I love my life. I love my friends. But sometimes, I just want to go home.
Story: Rheya Tanner
As a little girl, I was cursed with homesickness. No matter how fun it was to stay at a friend’s, a neighbor’s, even my grandma’s house, I’d never sleep soundly through the night. I’d always find myself lying awake, feeling alone, longing for home.
But that longing never followed me on my family’s summer road trips to Tennessee riverbanks and Georgia mountainsides. Maybe it was the hushed energy that moved through nature there, or maybe the presence of loved ones, that kept it at bay. Whatever it was, it turned those weeklong vacation houses into magical lands that felt like…home.
What is that, the sense of “home”? Is it family? Nostalgia? Contentment? I used to think it was simply a place, specifically the place where I spent 20 years growing up. But at some point as we were moving out of that place, I discovered that all the “home” had trickled out along with the boxes.
If you asked me today,
I’d say I currently have two homes: one in my little RV tucked behind the trees lining the highway, and another in my mom’s house.
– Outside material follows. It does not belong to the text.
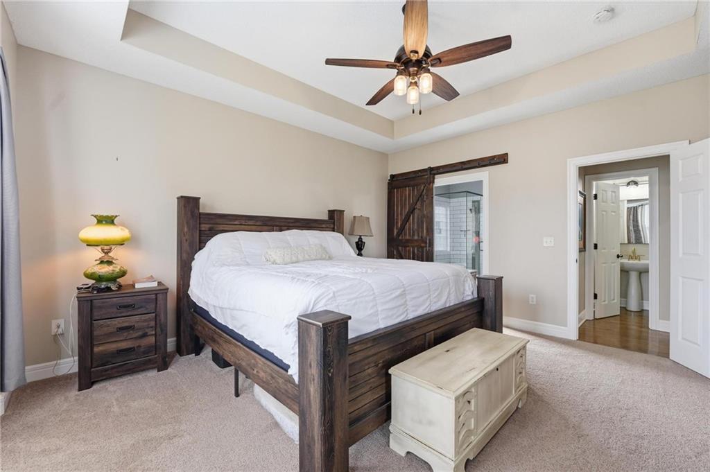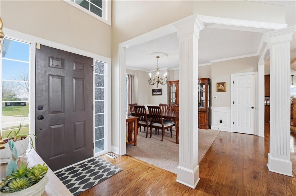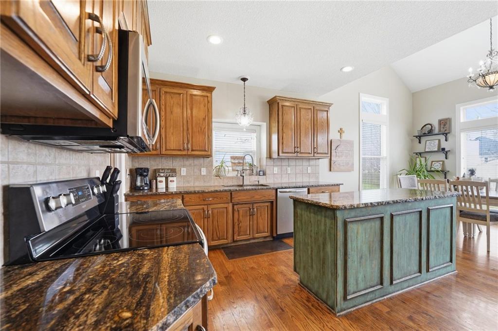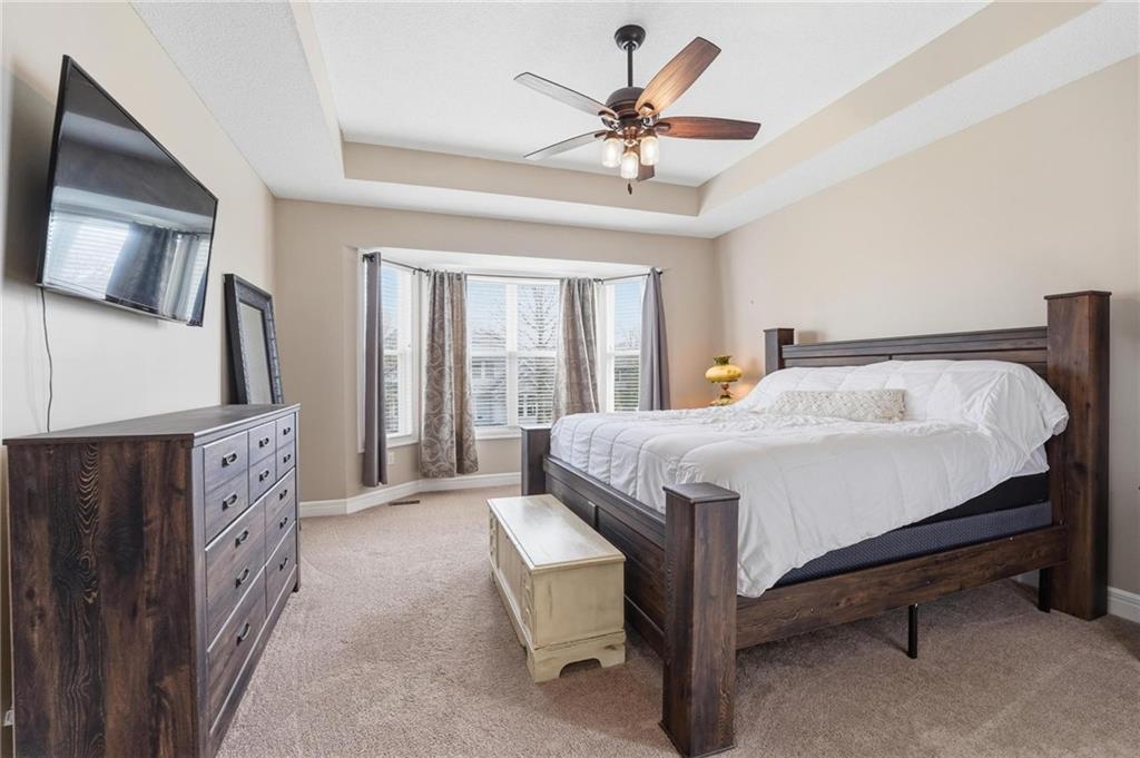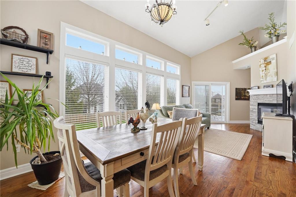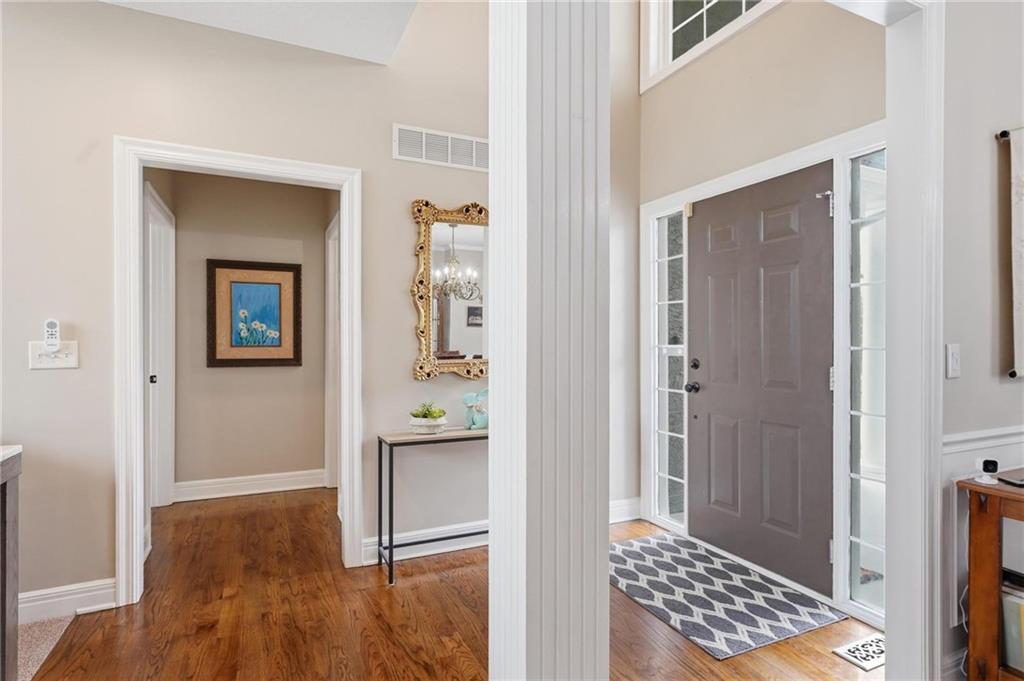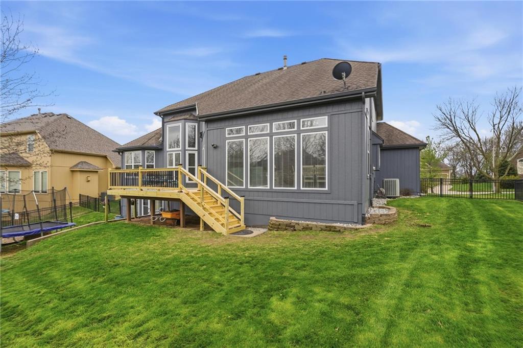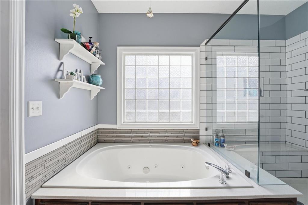 This beautifully designed 1.5-story home offers space, character, and a layout that truly stands out, along with an abundance of storage throughout. The main-level primary suite provides a private retreat, featuring a barn-style sliding door leading to the updated bathroom complete with a jetted tub, separate shower, double vanity with built-in cabinetry, a private toilet room, and a large walk-in closet with custom shelving. Just off the entry, you’ll find a formal dining room, with the living room straight ahead showcasing dramatic floor-to-ceiling windows, a stunning see-through fireplace, and an open view to the second-floor balcony above. The bright, eat-in kitchen features floor-to-ceiling windows, granite countertops, a rustic painted island, and stainless steel appliances—perfect for both everyday living and entertaining. Adjacent to the breakfast area is a cozy sitting room with access to the see-through fireplace and direct entry to the brand-new deck overlooking the fenced backyard—ideal for outdoor living. Upstairs, you’ll find three additional bedrooms. Bedrooms two and three are connected by a Hollywood-style bathroom, while the third bedroom also offers hallway access—perfect for guests. The finished lower level adds even more living space with a media area, dry bar, sitting area, full bathroom, and two additional rooms perfect for a home office, gym, or hobby space. Fresh paint inside and out, thoughtful updates, and inviting spaces throughout make this home move-in ready and a must-see.
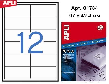 Этикетки APLI, А4, 97x42,4, 12шт/л, 500л, неуд, прямоуг., белые

Both soothe a different ache in my soul, and neither feels quite like home without the other. However, I’d also say I find a touch of home in church pianos and in my mother’s hands. I find it in my favorite pajamas, quiet nighttime drives, blank journals, and the giant stuffed dog my dad bought me when I was sick that one time.
Of course, those aren’t places. Yet all the same, they welcome me, comfort me, and, for just a split second, they give me everything I’ve spent my life searching for.
I am 23 now—by no means a grown-up, but certainly an adult. I’ve felt happiness. I’ve felt loss. I am the fullest and the emptiest I’ve ever been. But somehow I haven’t escaped that childhood curse. On some nights still, when the thick velvet sky presses heaviest against the roof of my house, I find myself lying awake, alone. Longing for home.